# Data segment:

★ ★ ★

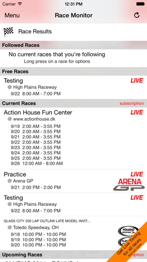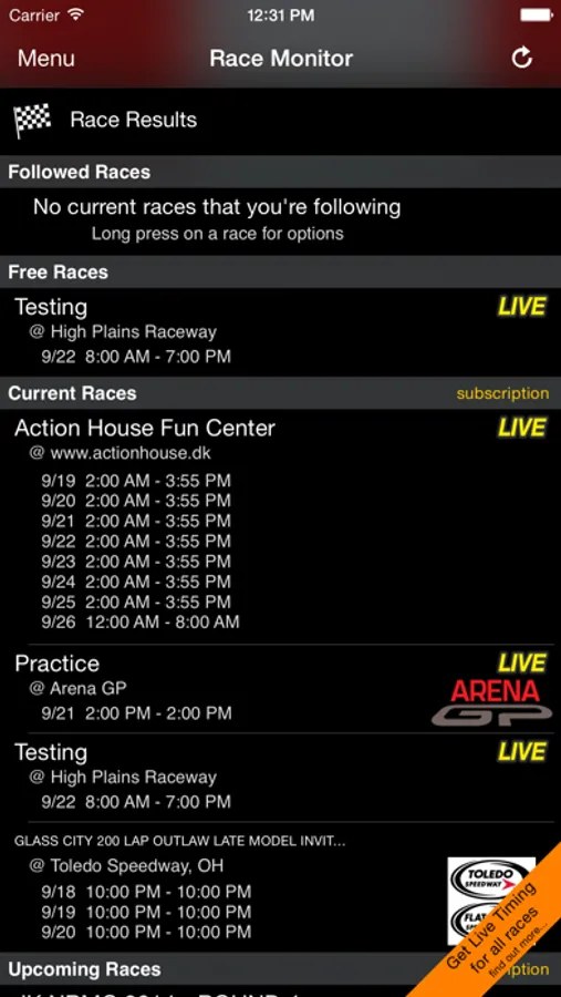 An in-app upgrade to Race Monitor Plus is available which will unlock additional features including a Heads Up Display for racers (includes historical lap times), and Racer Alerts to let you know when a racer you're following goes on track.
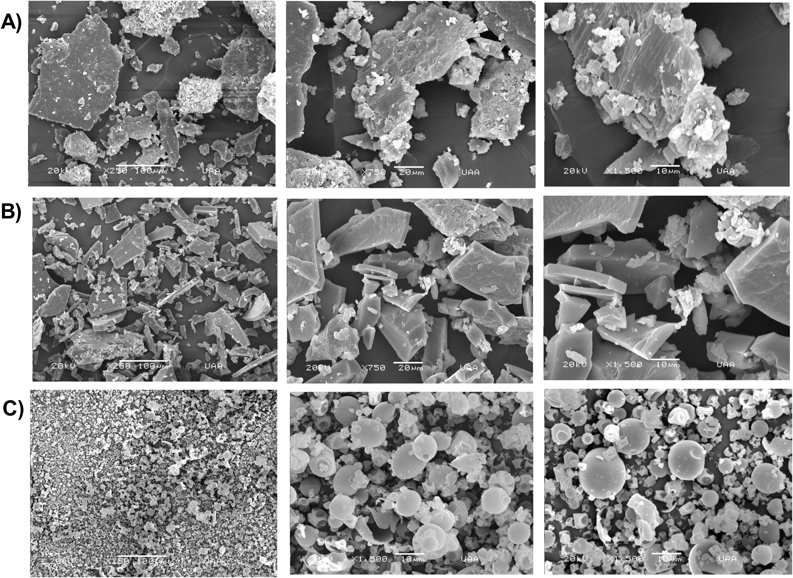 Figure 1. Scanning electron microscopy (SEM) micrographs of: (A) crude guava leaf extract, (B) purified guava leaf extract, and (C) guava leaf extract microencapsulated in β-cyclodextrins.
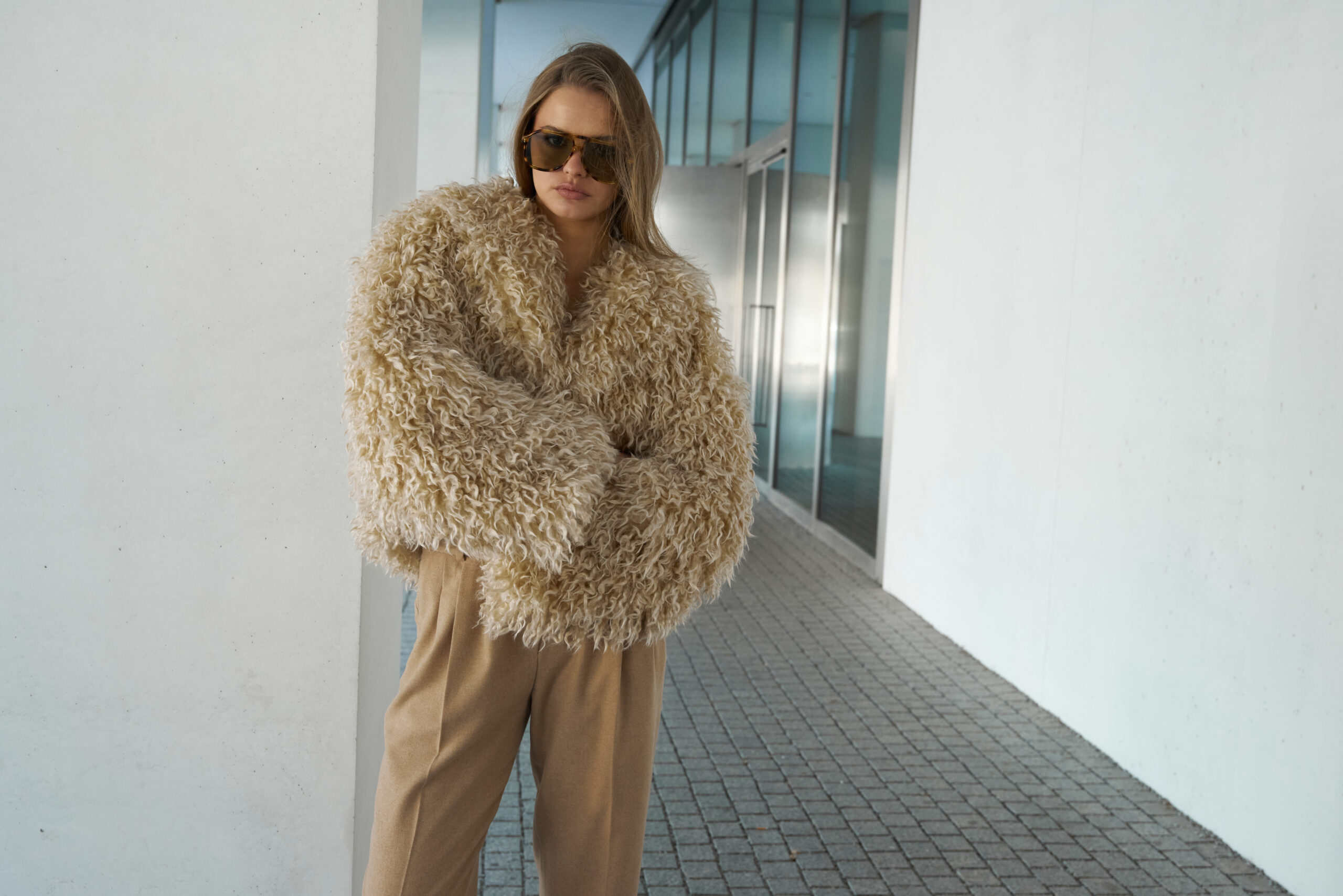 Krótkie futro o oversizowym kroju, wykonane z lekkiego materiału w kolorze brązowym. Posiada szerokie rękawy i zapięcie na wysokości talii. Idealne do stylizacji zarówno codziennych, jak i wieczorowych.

★ ★ ★

# What the task requires:
Only those lines from the one containing "Figure 1. Scanning" to the end of the material above, retyped exactly and without pictures, belong in your reply.

# Solution to the exercise:
 Figure 1. Scanning electron microscopy (SEM) micrographs of: (A) crude guava leaf extract, (B) purified guava leaf extract, and (C) guava leaf extract microencapsulated in β-cyclodextrins.
 Krótkie futro o oversizowym kroju, wykonane z lekkiego materiału w kolorze brązowym. Posiada szerokie rękawy i zapięcie na wysokości talii. Idealne do stylizacji zarówno codziennych, jak i wieczorowych.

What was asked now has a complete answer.